Мадам Левассер вздохнула над несусветной чепухой, которую, как всегда, наболтала ее Тереза.
– Как бы явно маркиз ни показывал своего отвращения и желания выжить тебя отсюда, – не уставала твердить она дочке, – помни: вдова Руссо неотделима от Эрменонвиля, от могилы. Стоит тебе перестать быть горестной вдовицей, – вдалбливала она Терезе, – как ты превратишься в чистейшее дерьмо. Тогда уж ни от английского короля, ни от милорда маршала тебе не дождаться ни единого су, ни единого пенса. Помни: могила Жан-Жака – это твоя кормушка, корова ты этакая.
Тереза редко приходила в такое дурное настроение, как сегодня, – очень уж обидело ее поведение маркиза. Обычно вялая и тихая, она была как будто вполне довольна жизнью в уединенном домике. Мадам Левассер с удовлетворением отмечала, что Тереза ни с кем не путается.
Между тем она легко могла бы иметь поклонников. Вдова Руссо представляла собой известный интерес, немало нашлось бы охотников поволочиться за ней, да и сама она время от времени не прочь была ублажить свою плоть. Но она обуздывала себя. Она ждала своего Николаса.

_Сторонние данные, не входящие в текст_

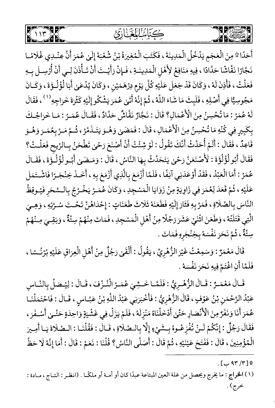 أَحَدًا * مِنَ الْعَجَمِ يَدْخُلُ الْمَدِينَةَ، فَكَتَبَ الْمُغِيرَةُ بْنُ شُعْبَةَ إِلَى عُمَرَ أَنَّ عِنْدِي غُلَامًا نَجَّارًا نَقَّاشًا حَدَّادًا، فِيهِ مَنَافِعُ لِأَهْلِ الْمَدِينَةِ، فَإِنْ رَأَيْتَ أَنْ تَأْذَنَ لِي أَنْ أُرْسِلَ بِهِ فَعَلْت، فَأَذِنَ لَه، وَكَانَ قَدْ جَعَلَ عَلَيْهِ كُلَّ يَوْمٍ دِرْهَمَيْنِ، وَكَانَ يُدْعَى أَبَا لُؤْلُوَّةَ، وَكَانَ مَجُوسِيًّا فِي أَصْلِهِ، فَلَبِثَ مَا شَاءَ اللَّه، ثُمَّ إِنَّهُ أَتَى عُمَرَ يَشْكُو إِلَيْهِ كَثْرَةَ خَرَاجِهِ (¬١)، فَقَالَ لَهُ عُمَرُ: مَا تُحْسِنُ مِنَ الْأَعْمَالِ؟ قَالَ: نَجَّارٌ نَقَّاشٌ حَدَّادٌ، فَقَالَ عُمَرُ: مَا خَرَاجُكَ بِكَبِيرِ فِي كُنْهِ مَا تُحْسِنُ مِنَ الْأَعْمَالِ، قَالَ: فَمَضَى وَهُوَ يَتَذَمَّر، ثُمَّ مَرَّ بِعُمَرَ وَهُوَ قَاعِدٌ، فَقَالَ: أَلَمْ أُحَدَّثْ أَنَّكَ تَقُولُ: لَوْ شِئْتُ أَنْ أَصنَعَ رَحًى تَطْحَنُ بِالرِّيحِ فَعَلْتُ؟ فَقَالَ أَبُو لُؤْلُوَّةَ: لأَصْنَعَنَّ رَحًى يَتَحَدَّثُ بِهَا النَّاس، قَالَ: وَمَضَى أَبُو لُؤْلُوَّةَ، فَقَالَ عُمَرُ: أَمَا الْعَبْد، فَقَدْ أَوْعَدَنِي آنِفًا، فَلَمَّا أَزْمَعَ بِالَّذِي أَزْمَعَ بِهِ، أَخَذَ خِنْجَرًا فَاشْتَمَلَ عَلَيْهِ، ثُمَّ قَعَدَ لِعُمَرَ فِي زَاوِيَةٍ مِنْ زَوَايَا الْمَسْجِدِ، وَكَانَ عُمَرُ يَخْرُجُ بِالسَّحَرِ فَيُوقِظُ النَّاسَ بِالصَّلَاةِ، فَمَرَّ بِهِ فَثَارَ إِلَيْهِ فَطَعَنَهُ ثَلَاثَ طَعَنَاتٍ: إِحْدَاهُنَّ تَحْتَ سُرَّتِهِ، وَهِيَ الَّتِي قَتَلَتْه، وَطَعَنَ اثْنَي عَشَرَ رَجُلًا مِنْ أَهْلِ الْمَسْجِدِ، فَمَاتَ مِنْهُمْ سِتَّةٌ، وَبَقِيَ مِنْهُمْ سِتَّةٌ، ثُمَّ نَحَرَ نَفْسَهُ بِخِنْجَرِهِ فَمَاتَ.

Дважды за эти годы он тайно присылал ей вести. Давал знать, что обязательно вернется. По-хозяйски приказывал ждать его и не делать глупостей.
Тереза повиновалась.
Она думала, что своим похвальным и добропорядочным поведением она обеляет себя в глазах покойного Жан-Жака. Собственно, она-то вообще совершенно неповинна в его преждевременной смерти, но мосье Николас сделал это ради нее, и поэтому Жан-Жак, пожалуй, мог все-таки сердиться. Вреда, во всяком случае, не будет, если она постарается умиротворить Жан-Жака. Она не только усердно посещала могилу, но и прилежно ухаживала за его канарейками, часто меняла воду в блюдечках и ежедневно собирала для пташек мелкое красноватое растение – мокричник, их излюбленное лакомство.
Проходили месяцы, годы, и мадам Левассер стала замечать, что конец ее близок.
Она собралась с силами и отправилась к мэтру Жиберу в Санлис, чтобы сделать последние распоряжения. Адвокат был из породы хищников, но знал свое дело, и она с полной откровенностью выложила перед ним свои заботы и чаяния. Она хотела даже из потустороннего мира опекать сына и дочку; оба хотя и в годах, а еще нуждаются в том. Пусть адвокат составит ей такое завещание, – требовала мадам Левассер, – по которому Франсуа ежегодно получал бы по двадцати луидоров, не больше. Но прежде всего она просит мэтра Жибера всячески: юридическими путями, и личным воздействием, и уговорами – удержать Терезу от второго брака. Тереза должна остаться вдовой Руссо, жить на пенсии вдовы Руссо и зависеть от них. Об этом мадам Левассер еще и еще раз просила мэтра Жибера заботиться по мере возможности, и пусть он поклянется ей именем господа и святого Ива – покровителя адвокатов, что исполнит ее просьбу. Она же готова солидно заплатить ему.
Сила слов и твердость воли расплывшейся, сипящей, дряхлой старухи произвели впечатление на мэтра Жибера. Все ее распоряжения по-матерински мудры, признал он, и, кроме того, он высоко ценит философию Жан-Жака. Разумеется, едва ли существуют статьи закона, которые могли бы удержать вдову в узде; но, соблазнившись мздой в пять луидоров в год, адвокат все же обещал сделать все от него зависящее.
По возвращении в Эрменонвиль мадам Левассер слегла и стала ждать смерти.
Приехал сержант Франсуа и, увидев мать, бурно разрыдался.
– Я о тебе позаботилась, мой славный, мой храбрый сын, – утешала она его, – тебе обеспечена годовая рента. И как только – надеюсь, что скоро, – я проскочу через чистилище, так сразу обойду всех святых и не дам им покоя, пока они не помогут тебе осуществить твои замечательные идеи.